U.S. equity futures are currently down sharply in overseas trading, indicating a very bad opening come Monday morning. But I believe that because the Treasury and the

Federal Reserve

are letting Lehman fail, its interconnectedness with other firms in terms of counterparty risk must have diminished after the collapse of

Bear Stearns

. Thus, the headline risk of Lehman's bankruptcy could be far greater than the systemic risk to the financial system.

The Fed's dealer liquidity window, which was Ben Bernanke's creation after Bear Stearns collapsed, has likely kept Lehman on life support for some time, but again, the Fed's decision to let Lehman go belly up indicates that the central bank didn't perceive that there would be too bad of a ripple effect from a Lehman collapse. Otherwise, the Fed would have felt forced to backstop a buyer for Lehman. (While critics decry the use of public funds for any bailout, the Fed

has

to act if there is "systemic" financial system risk.)
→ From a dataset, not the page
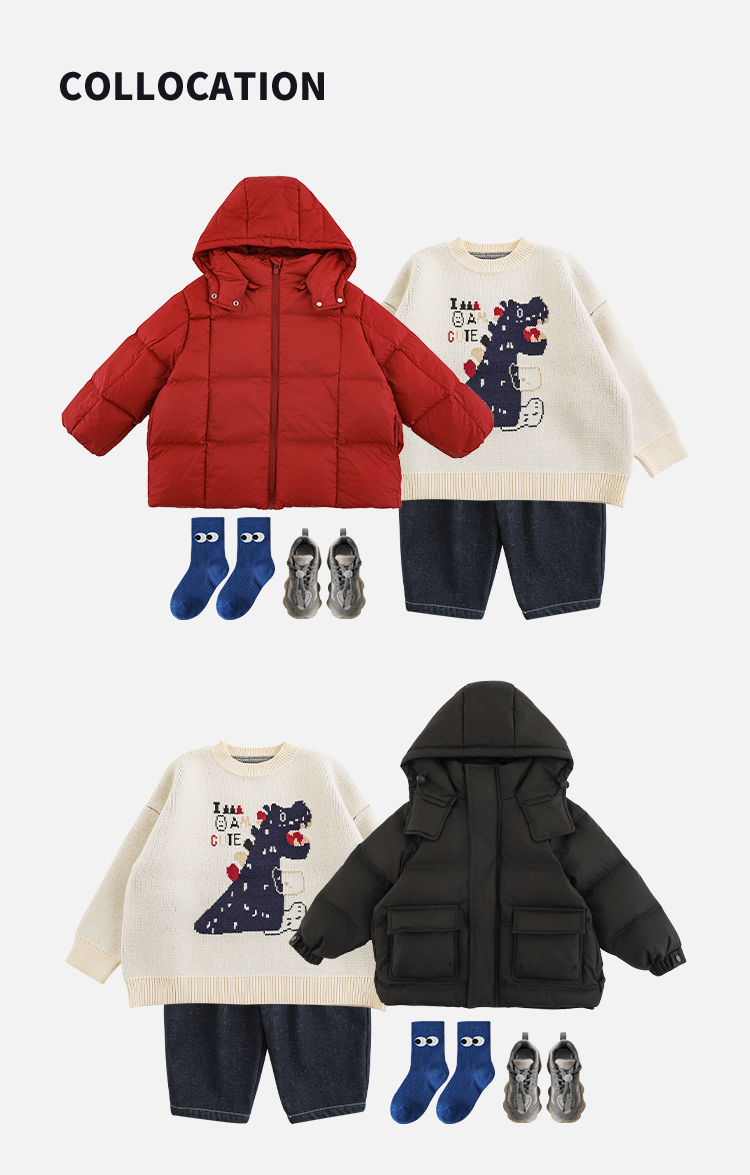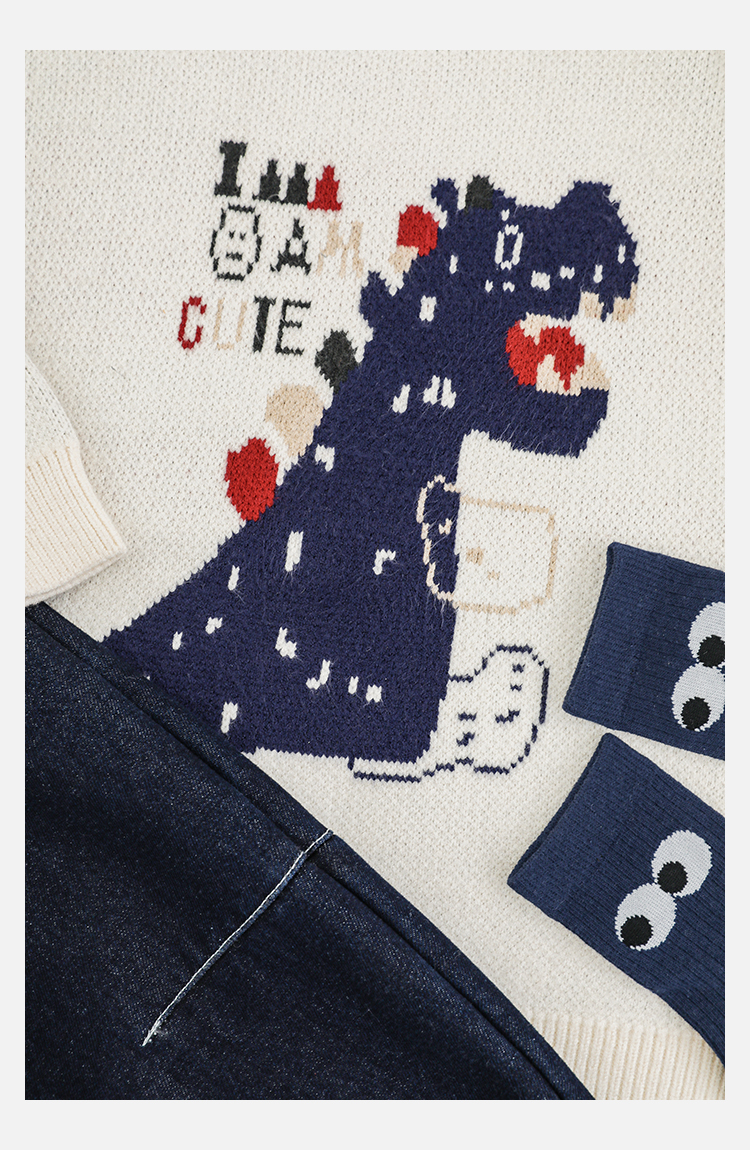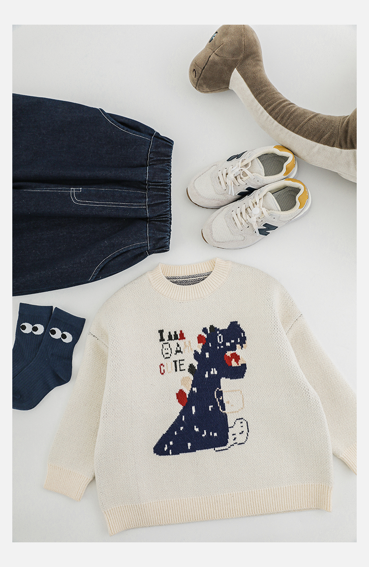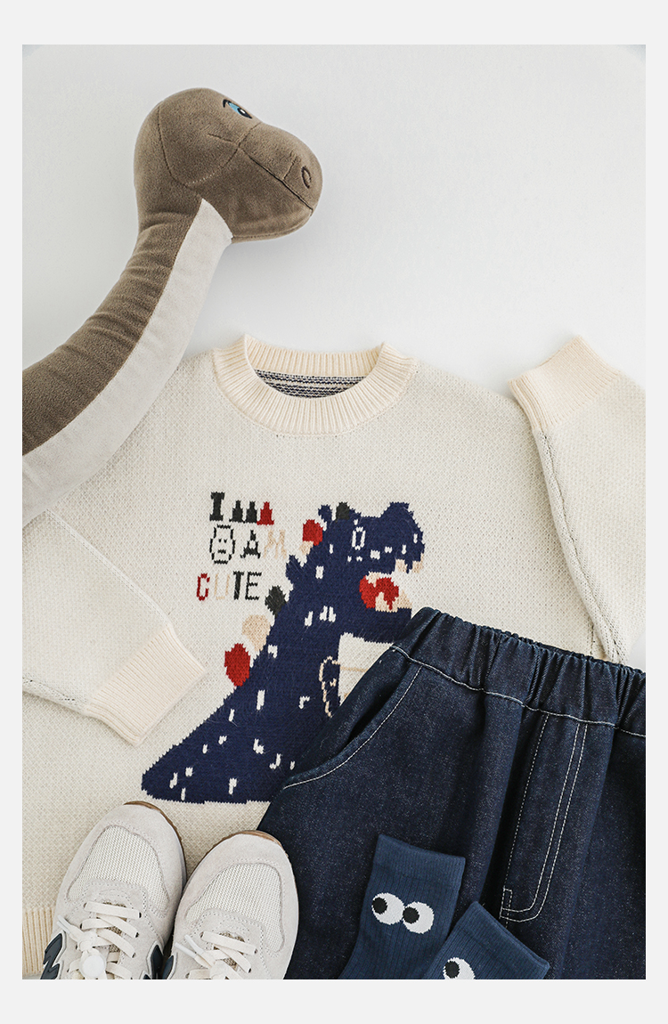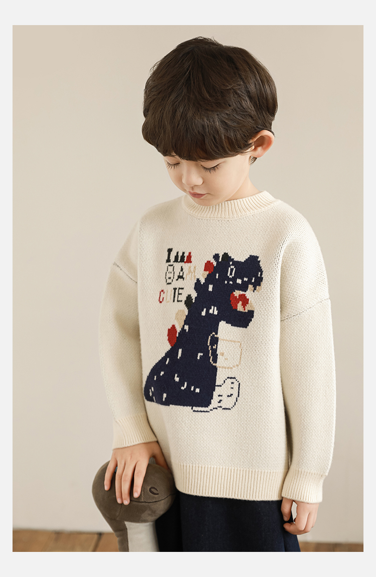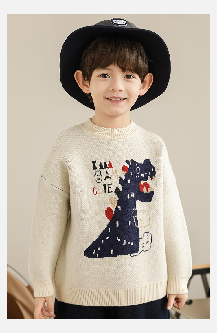 우리부이 남아용 2025 신상 긴팔 공룡 반터틀넥 스웨터 겨울 유행 아동용 따뜻한 니트웨어스토어 가기

The July 15 (and 2008) low for the

S&P 500

is 1200. On Friday, the S&P 500 closed at a gain for the week, at 1251, thus the S&P 500 is still between the March 17 and July 15 lows. We added a short position when the S&P 500 fell below 1256.98, and there is a good chance we will retest the lows of July 15, but the market continues to hang in despite the headline risk.

Monday morning will be interesting.

Following is an article Jim Cramer posted on

RealMoney.com

Sunday afternoon. As successful as Jim is, he still works pretty hard keeping readers informed on actionable events. I disagree with his statement that Lehman was the worst of the mortgage buyers: Bear Stearns gets that nod, although the speed of Bear's collapse had a lot to do with how it was financed (i.e., funded).

No Barclays Bid?

By Jim Cramer

Now that we know

there is no Barclays bid

, should we just presume no bid? Sure seems that way. Without a buyer of

Lehman Brothers

(LEH)

we will have chaos and dislocation, and whatever firms have provided financing to Lehman will have to take hits larger than they possibly can, and we will see what happens when a major

owner

of mortgages goes under.

Lehman owns hard-to-value assets and it borrows a lot of money to finance that inventory. We don't know who is lending to it, but theoretically, the

Federal Reserve

could lend the new entity the money it needs for a disorderly -- not

orderly

-- liquidation. (You would only get an orderly one with a real buyer.)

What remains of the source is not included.